__EXERCISE__: Your answer should be the full data, transcribed exactly, with no pictures in it.

__SUPPLIED DATA__:
*** Begin section ***

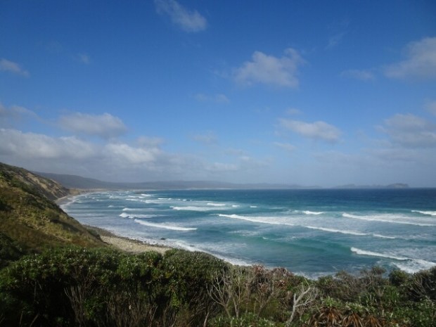 Am Strand von Mason Bay ragt ein Felsvorsprung in Richtung Meer hinaus, so weit, dass man bei Ebbe gut daran vorbeilaufen kann, bei Flut allerdings nicht, weil dann der Felsen direkt im Wasser steht. Es gibt eine High-Tide-Route, die ich aber nicht für notwendig hielt. Es war, als ich dort langgekommen bin irgendwas zwischen High- und Low-Tide. Ein schmaler Standstreifen vor dem Felsen war meistens zu sehen, nur ab und zu kamen größere Wellen, die dann bis an den Felsvorsprung heranreichten. Also dachte ich mir, ich passe die Phase ab, wo die Wellen nicht an die Felsen reichen und laufe schnell um den Vorsprug herum.
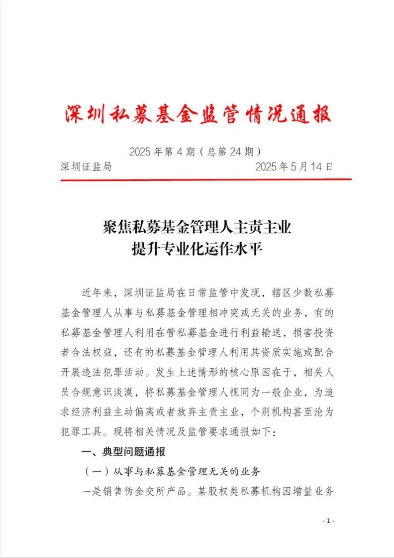 近日,深圳证监局发布最新一期《深圳私募基金监管情况通报》,剑指诸多私募乱象,比如部分私募开展销售伪金交所产品、卖课、算命、修家谱等与私募基金无关的业务,利用产品违规进行利益输送,甚至利用管理人资质从事违法犯罪活动,严重扰乱市场秩序。对此,深圳证监局表示,下一步将持续加强对辖区私募基金管理人合规运作的监管检查力度,严肃问责各类违法违规行为。
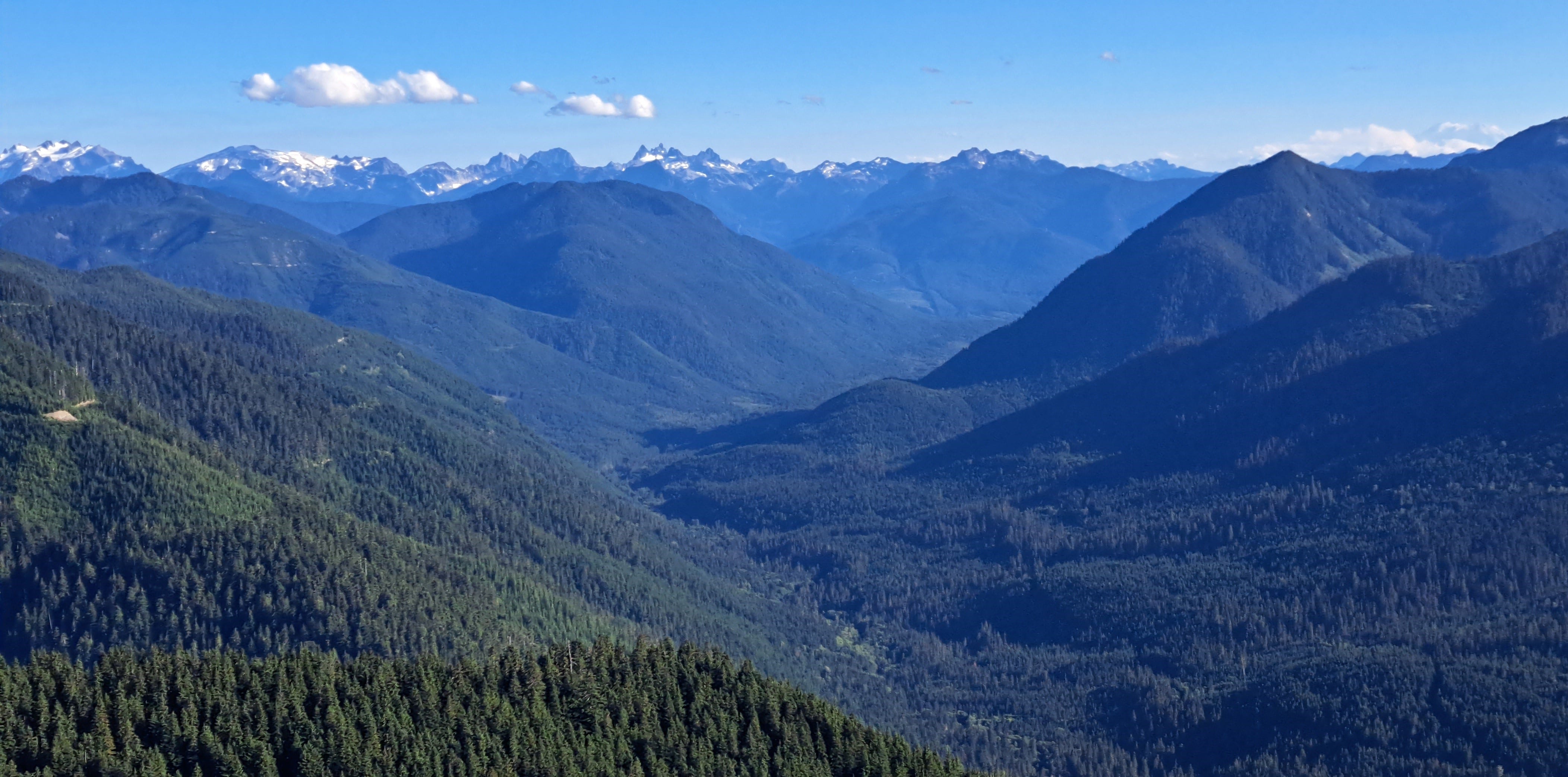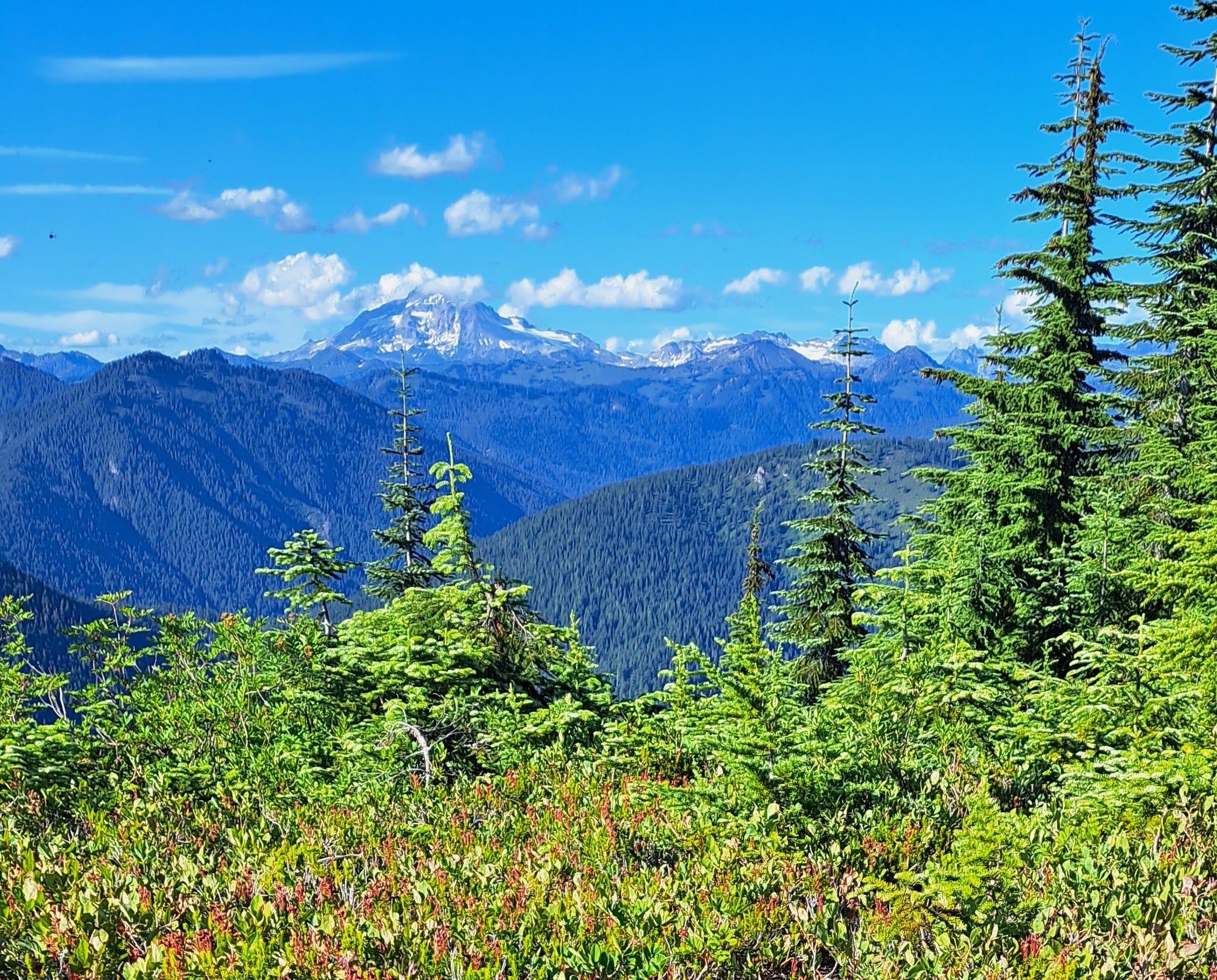 Looking south, the prominent peaks of the Alpine Lakes Wilderness were, well, prominent. And to the right of conspicuous Chimney Rock, the top of Rainier poked above a cloud. Below, a long, steep meadow of ferns and fireweed plunged into the seemingly lush valley of the Beckler River, though it was heavily logged over the years, and then partly burned last year during the Bolt Creek Fire. Across the way, I could just barely pick out the lookout on Evergreen Mountain.

*** End section ***

__OUTPUT BELOW__:
 Am Strand von Mason Bay ragt ein Felsvorsprung in Richtung Meer hinaus, so weit, dass man bei Ebbe gut daran vorbeilaufen kann, bei Flut allerdings nicht, weil dann der Felsen direkt im Wasser steht. Es gibt eine High-Tide-Route, die ich aber nicht für notwendig hielt. Es war, als ich dort langgekommen bin irgendwas zwischen High- und Low-Tide. Ein schmaler Standstreifen vor dem Felsen war meistens zu sehen, nur ab und zu kamen größere Wellen, die dann bis an den Felsvorsprung heranreichten. Also dachte ich mir, ich passe die Phase ab, wo die Wellen nicht an die Felsen reichen und laufe schnell um den Vorsprug herum.
 近日,深圳证监局发布最新一期《深圳私募基金监管情况通报》,剑指诸多私募乱象,比如部分私募开展销售伪金交所产品、卖课、算命、修家谱等与私募基金无关的业务,利用产品违规进行利益输送,甚至利用管理人资质从事违法犯罪活动,严重扰乱市场秩序。对此,深圳证监局表示,下一步将持续加强对辖区私募基金管理人合规运作的监管检查力度,严肃问责各类违法违规行为。
 Looking south, the prominent peaks of the Alpine Lakes Wilderness were, well, prominent. And to the right of conspicuous Chimney Rock, the top of Rainier poked above a cloud. Below, a long, steep meadow of ferns and fireweed plunged into the seemingly lush valley of the Beckler River, though it was heavily logged over the years, and then partly burned last year during the Bolt Creek Fire. Across the way, I could just barely pick out the lookout on Evergreen Mountain.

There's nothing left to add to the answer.